The required output is the exact text of the lines from the line containing "This pre-owned Chanel CC" through the final line below, inclusive, without pictures.
─── INFORMATION GIVEN ───
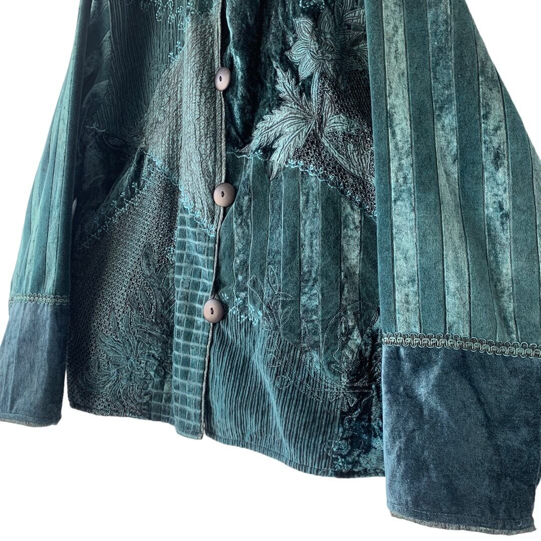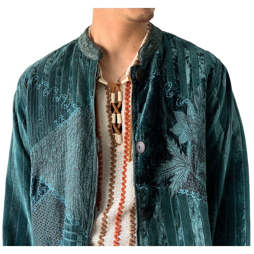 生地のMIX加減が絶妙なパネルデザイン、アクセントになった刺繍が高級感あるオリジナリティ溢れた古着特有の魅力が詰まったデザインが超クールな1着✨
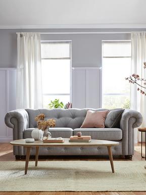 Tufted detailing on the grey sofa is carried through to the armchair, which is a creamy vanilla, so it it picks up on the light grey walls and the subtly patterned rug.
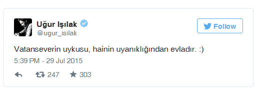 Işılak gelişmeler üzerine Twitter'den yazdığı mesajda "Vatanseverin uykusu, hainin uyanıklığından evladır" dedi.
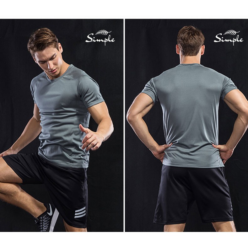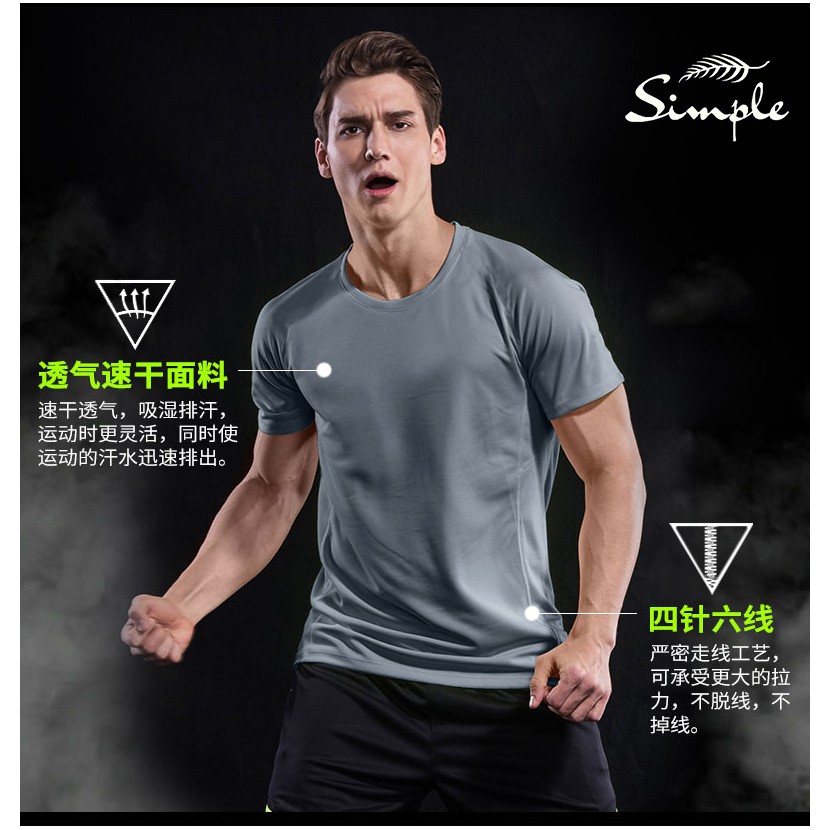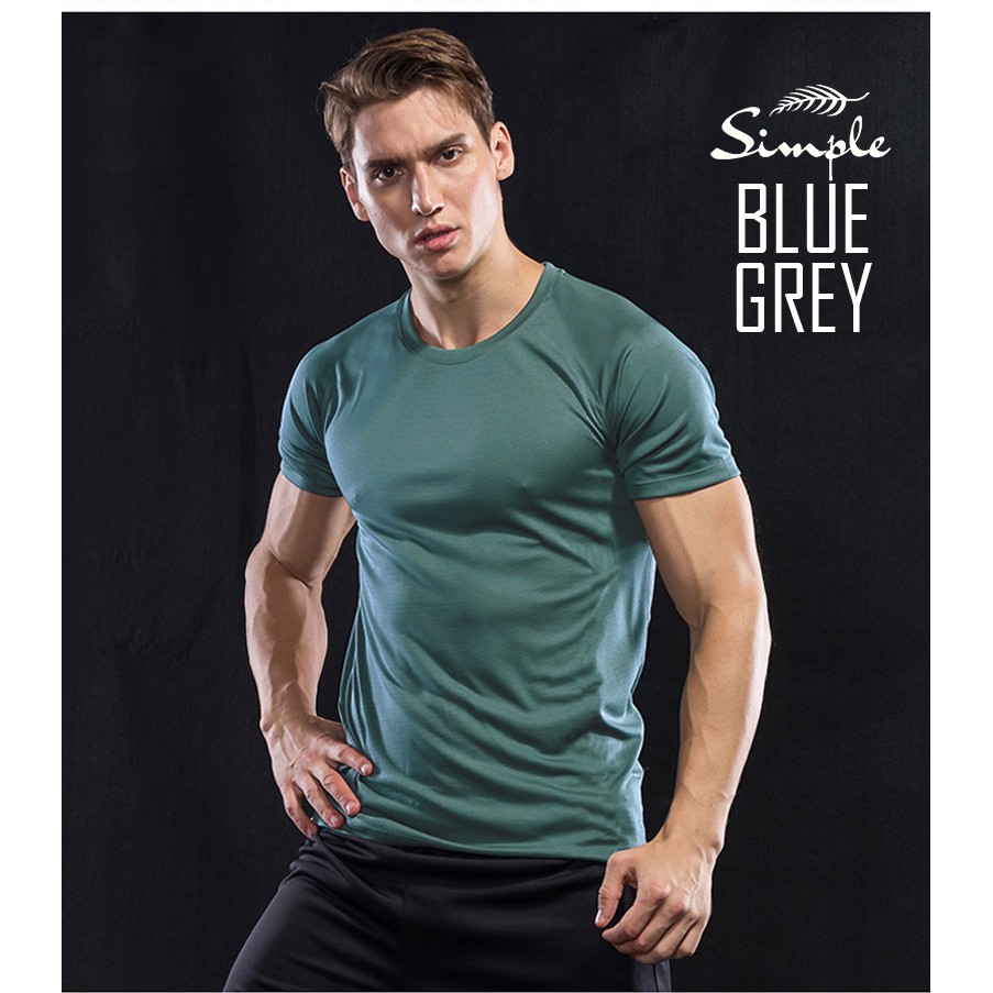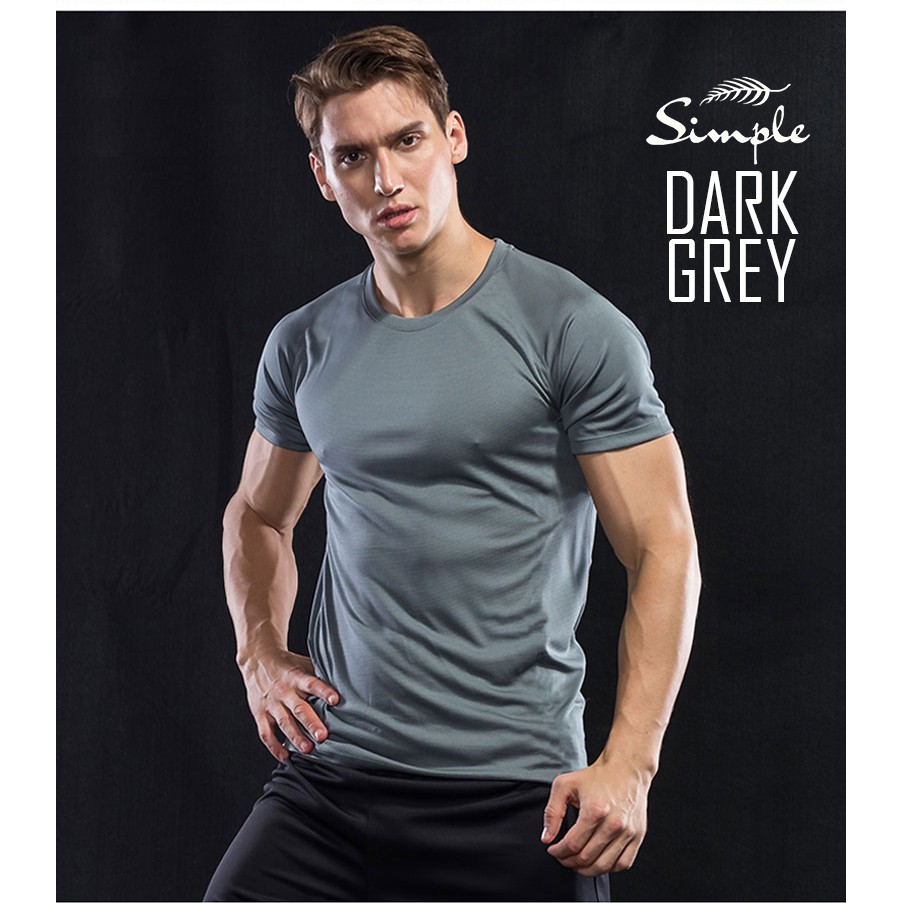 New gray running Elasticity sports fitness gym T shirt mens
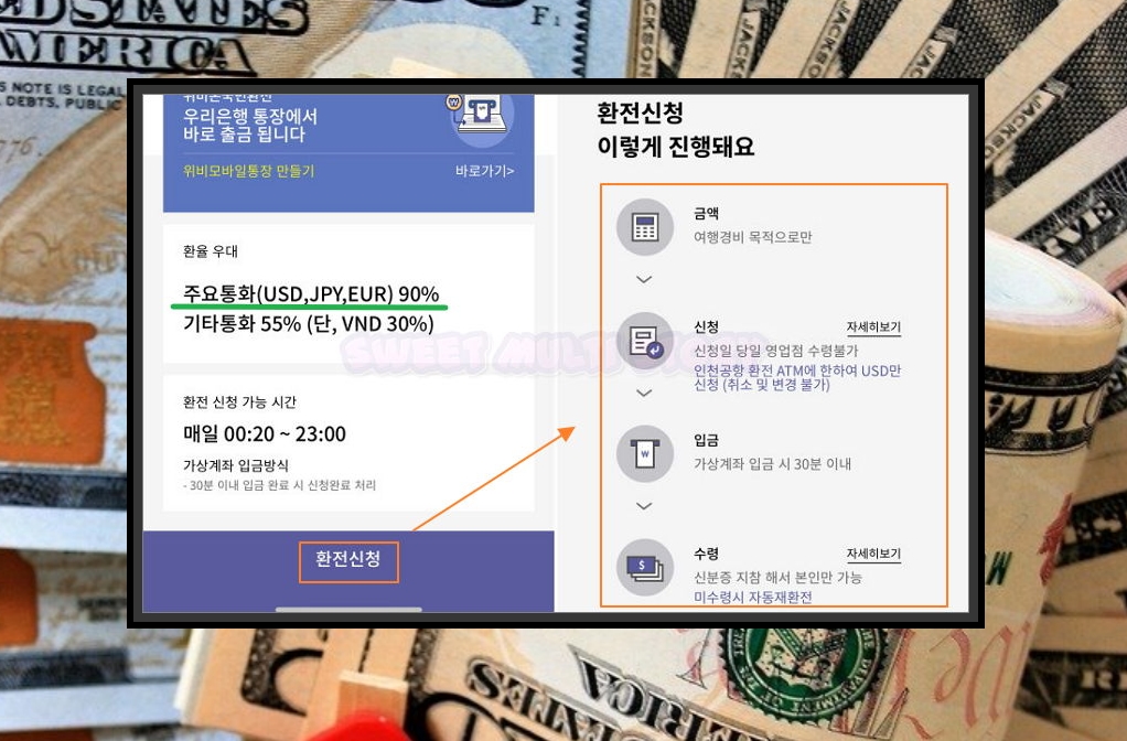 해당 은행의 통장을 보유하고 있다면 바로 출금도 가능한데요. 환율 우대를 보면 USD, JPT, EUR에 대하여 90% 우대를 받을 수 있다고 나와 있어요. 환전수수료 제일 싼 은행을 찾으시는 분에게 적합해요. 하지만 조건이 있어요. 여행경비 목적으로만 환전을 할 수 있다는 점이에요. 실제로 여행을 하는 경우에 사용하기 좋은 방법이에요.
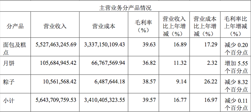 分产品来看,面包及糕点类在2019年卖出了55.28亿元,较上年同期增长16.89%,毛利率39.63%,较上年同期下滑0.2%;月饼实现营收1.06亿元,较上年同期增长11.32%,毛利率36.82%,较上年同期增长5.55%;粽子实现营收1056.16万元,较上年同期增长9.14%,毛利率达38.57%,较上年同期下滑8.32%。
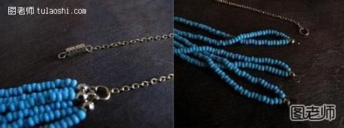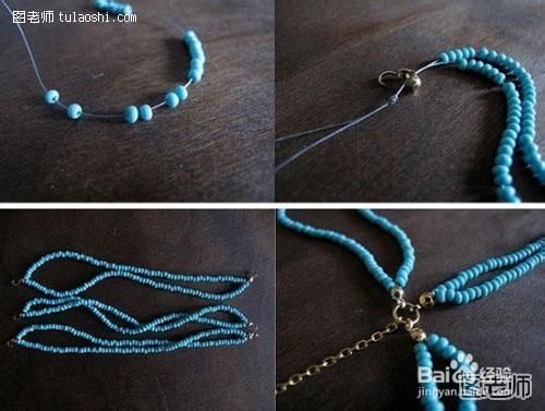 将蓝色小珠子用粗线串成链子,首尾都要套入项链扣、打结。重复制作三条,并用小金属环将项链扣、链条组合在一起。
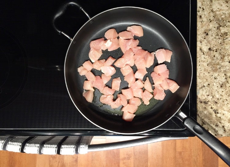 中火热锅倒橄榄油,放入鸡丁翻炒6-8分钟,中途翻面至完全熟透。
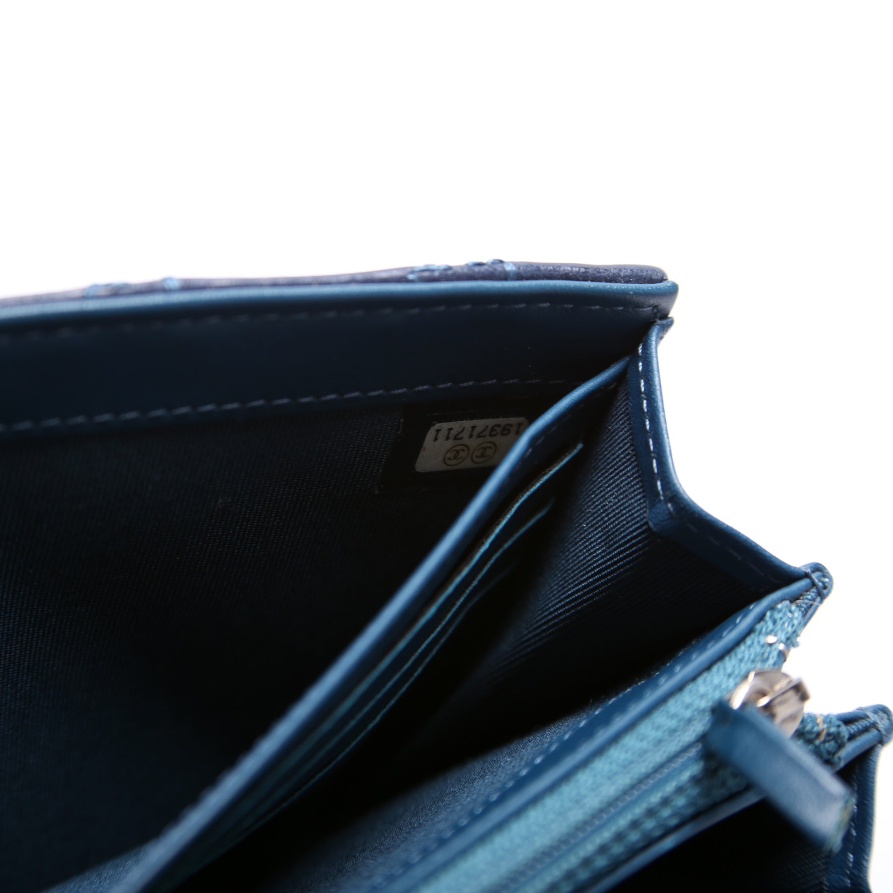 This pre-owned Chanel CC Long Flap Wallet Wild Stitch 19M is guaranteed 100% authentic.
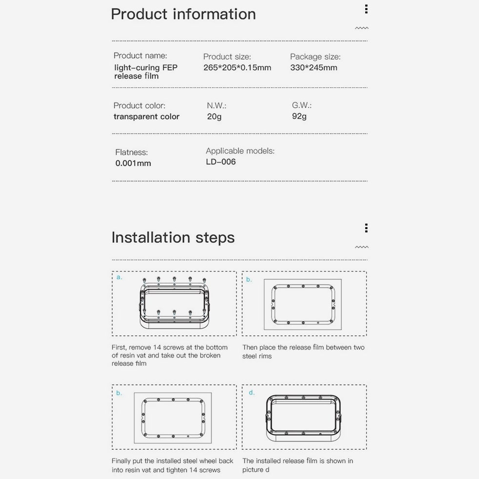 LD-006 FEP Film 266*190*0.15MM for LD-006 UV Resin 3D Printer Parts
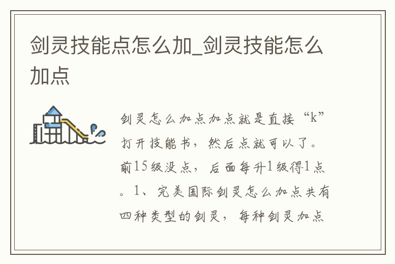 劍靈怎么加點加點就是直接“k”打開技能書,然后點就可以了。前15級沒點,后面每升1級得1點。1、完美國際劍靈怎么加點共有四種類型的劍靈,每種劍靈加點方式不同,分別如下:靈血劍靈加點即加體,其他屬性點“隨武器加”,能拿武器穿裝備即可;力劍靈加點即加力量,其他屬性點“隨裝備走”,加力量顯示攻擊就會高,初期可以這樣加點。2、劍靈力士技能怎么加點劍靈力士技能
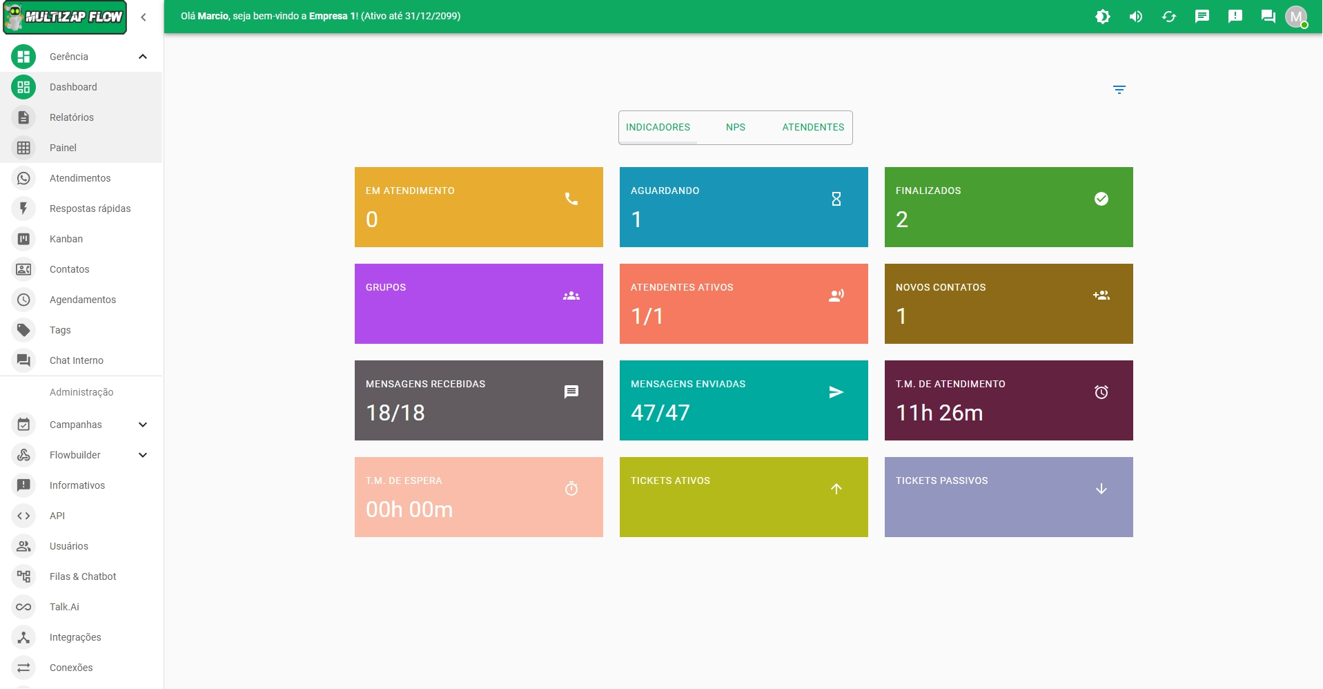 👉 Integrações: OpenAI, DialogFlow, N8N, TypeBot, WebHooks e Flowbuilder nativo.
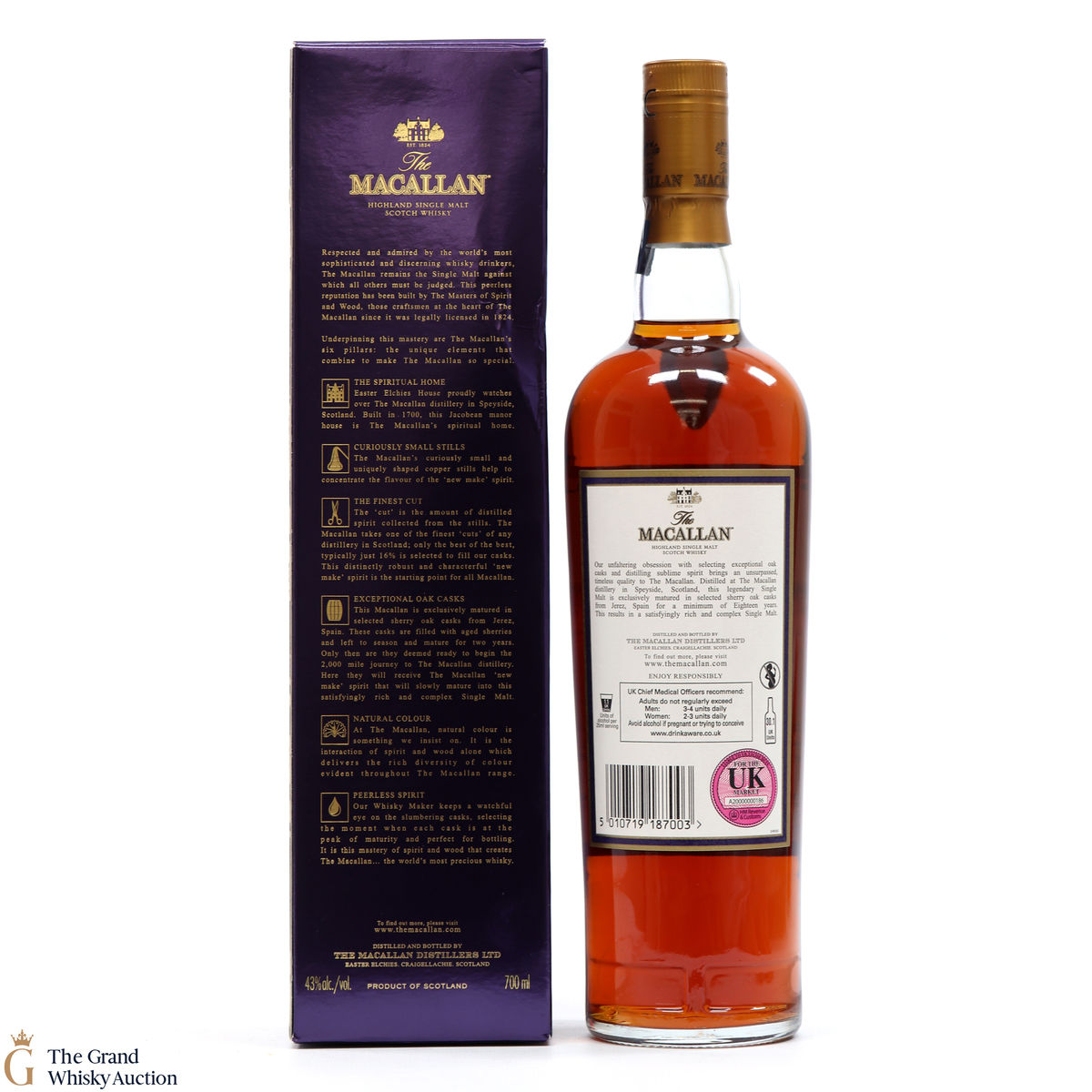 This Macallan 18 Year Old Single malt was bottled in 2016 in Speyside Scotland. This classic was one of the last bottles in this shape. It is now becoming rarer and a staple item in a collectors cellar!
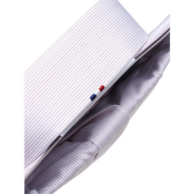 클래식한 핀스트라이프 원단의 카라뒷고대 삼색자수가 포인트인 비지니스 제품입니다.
───
### EXERCISE SOLUTION
 This pre-owned Chanel CC Long Flap Wallet Wild Stitch 19M is guaranteed 100% authentic.
 LD-006 FEP Film 266*190*0.15MM for LD-006 UV Resin 3D Printer Parts
 劍靈怎么加點加點就是直接“k”打開技能書,然后點就可以了。前15級沒點,后面每升1級得1點。1、完美國際劍靈怎么加點共有四種類型的劍靈,每種劍靈加點方式不同,分別如下:靈血劍靈加點即加體,其他屬性點“隨武器加”,能拿武器穿裝備即可;力劍靈加點即加力量,其他屬性點“隨裝備走”,加力量顯示攻擊就會高,初期可以這樣加點。2、劍靈力士技能怎么加點劍靈力士技能
 👉 Integrações: OpenAI, DialogFlow, N8N, TypeBot, WebHooks e Flowbuilder nativo.
 This Macallan 18 Year Old Single malt was bottled in 2016 in Speyside Scotland. This classic was one of the last bottles in this shape. It is now becoming rarer and a staple item in a collectors cellar!
 클래식한 핀스트라이프 원단의 카라뒷고대 삼색자수가 포인트인 비지니스 제품입니다.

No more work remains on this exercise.